In this experiment, the construction and training process of the feedforward neural network was realized through numpy, and the derivation of mathematical theory was realized through code, which deepened the understanding of the neural network. The ability to learn models before and after, combined with theoretical knowledge, has a lot to gain. According to the comparative analysis of the experimental results, the following experiences are obtained:
(1) As the number of network layers deepens and the number of neurons increases, the fitting ability of the model will become stronger.
(2) The convergence speed of the Sigmoid activation function is not as good as that of the Relu function.
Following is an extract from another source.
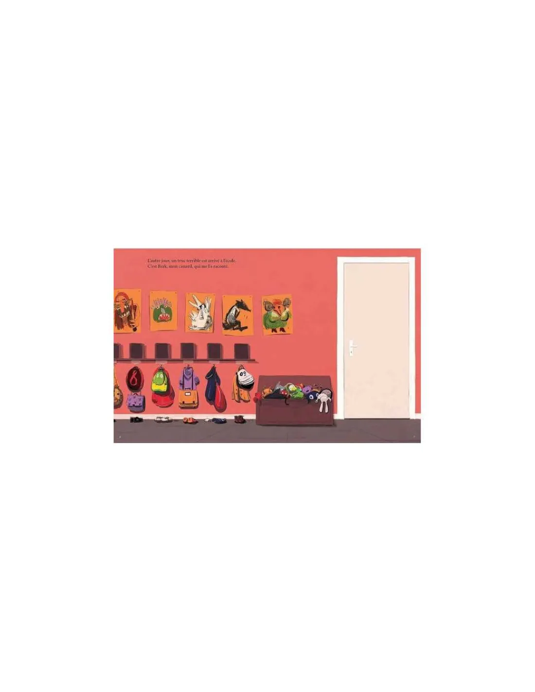L’autre jour, un truc terrible est arrivé dans mon école. C’est Berk mon canard qui me l’a raconté. J’avais oublié Berk dans la caisse à doudous et un croco-sac-à-dos était resté là aussi. « Allez viens, on va aller se balader dans la classe », a proposé Berk. Ils ont pris la lampe de la maîtresse car il faisait tout noir. Berk et Croco ont ensuite commencé à avoir la trouille avec ce Sprouitch Sprouitch qui les suivait partout.
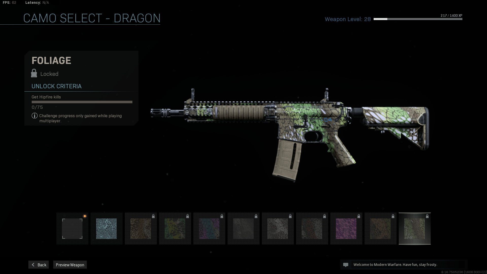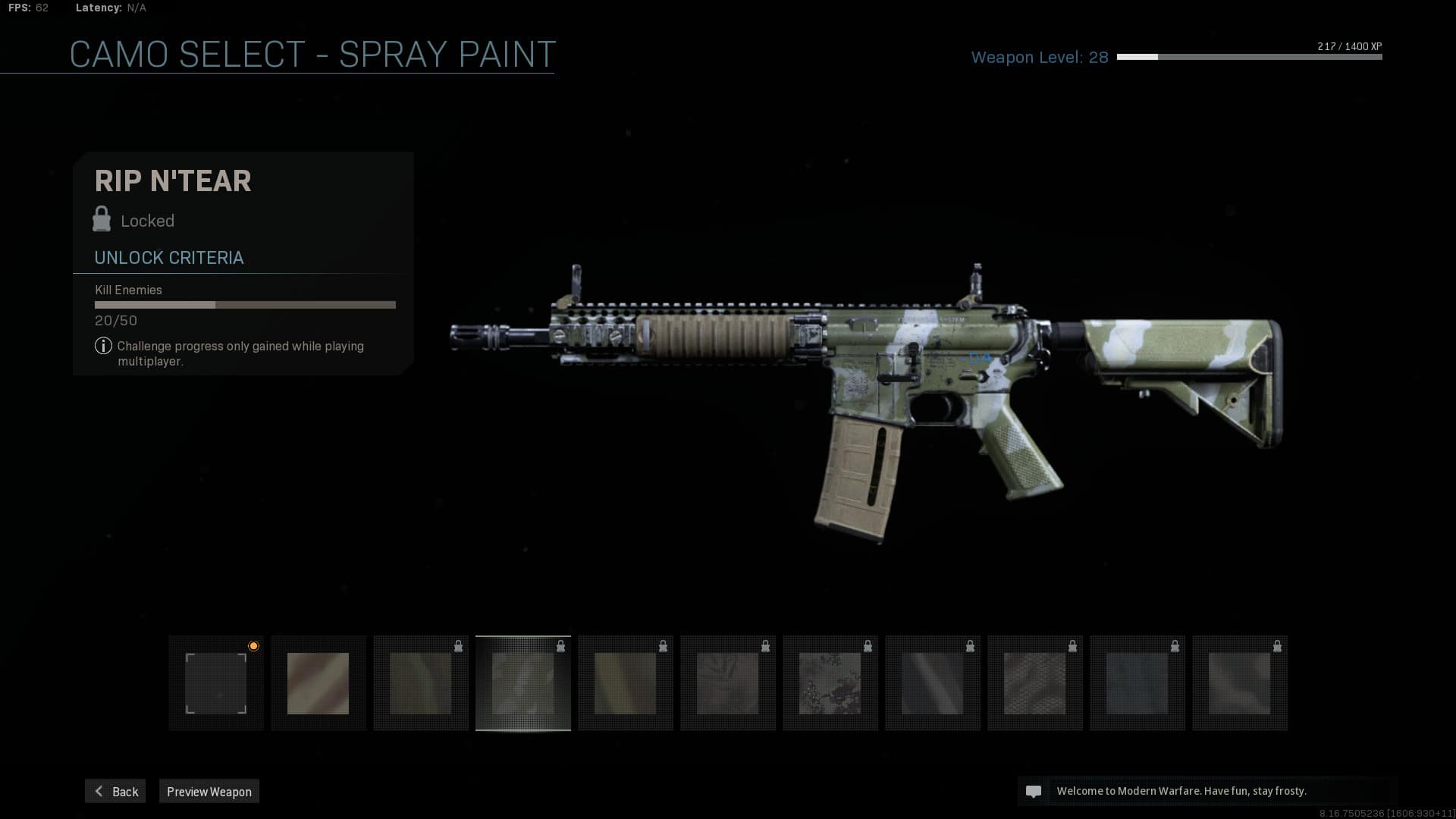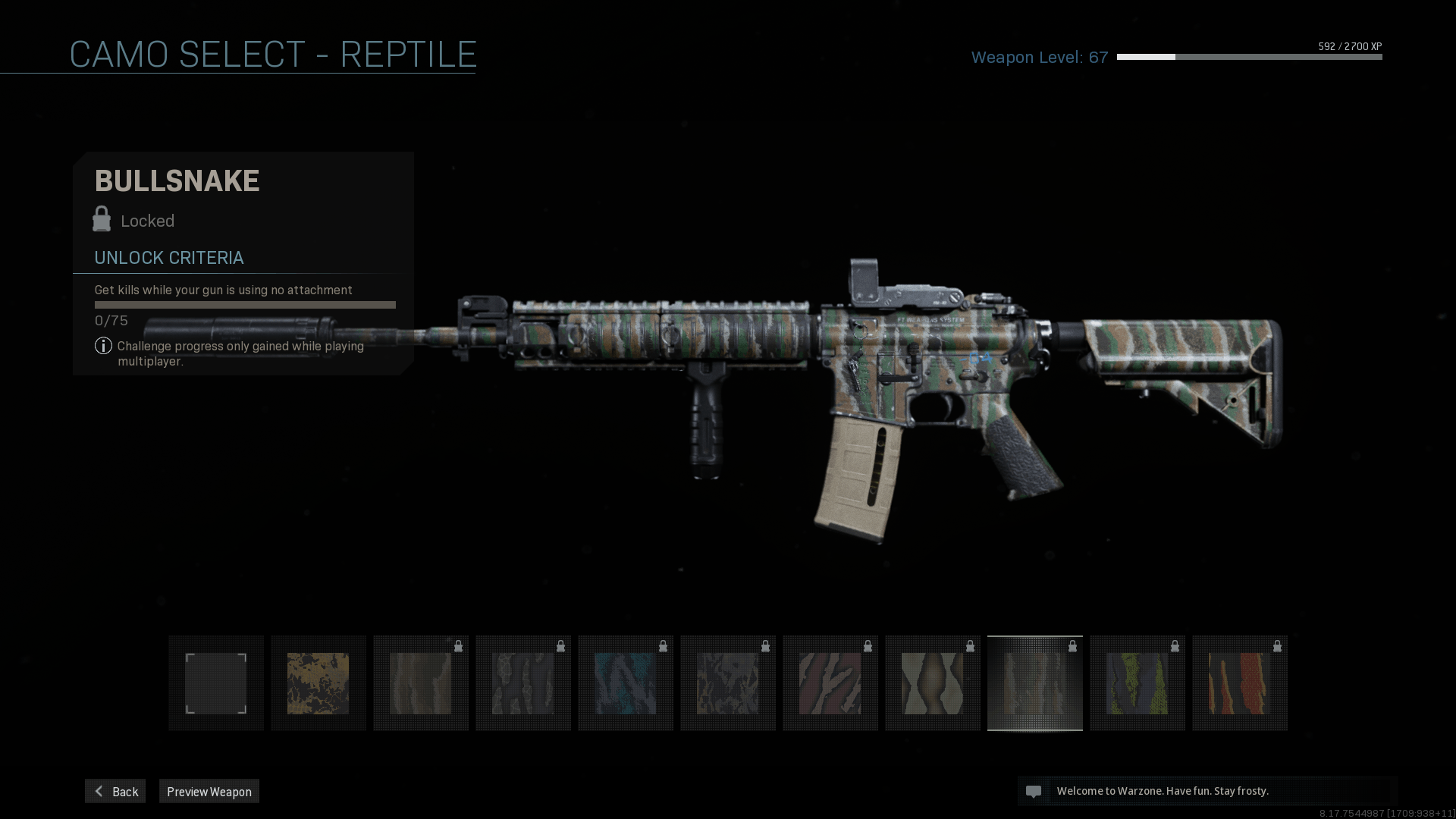 The following is a list of all the camo skins in Call of Duty Warzone and how to unlock them. Just note that every single gun in the game has the exact same camo selection.

The reason should be that the two ends of the Sigmoid function are saturated, and the problem of gradient disappearance is prone to occur. The effect in this experiment is average.
(3) The mini-batch gradient descent algorithm converges much faster than the batch gradient descent algorithm, and the accuracy of the model is higher.
(4) The comprehensive model adopts activation function, 3-layer neural network (2 hidden layers), and small batch gradient descent algorithm. The convergence speed of the model is fast, and it has basically converged when eopch is 20, and the accuracy rate is the highest. In the training set and 0.95358 and 0.9494 on the test set, respectively.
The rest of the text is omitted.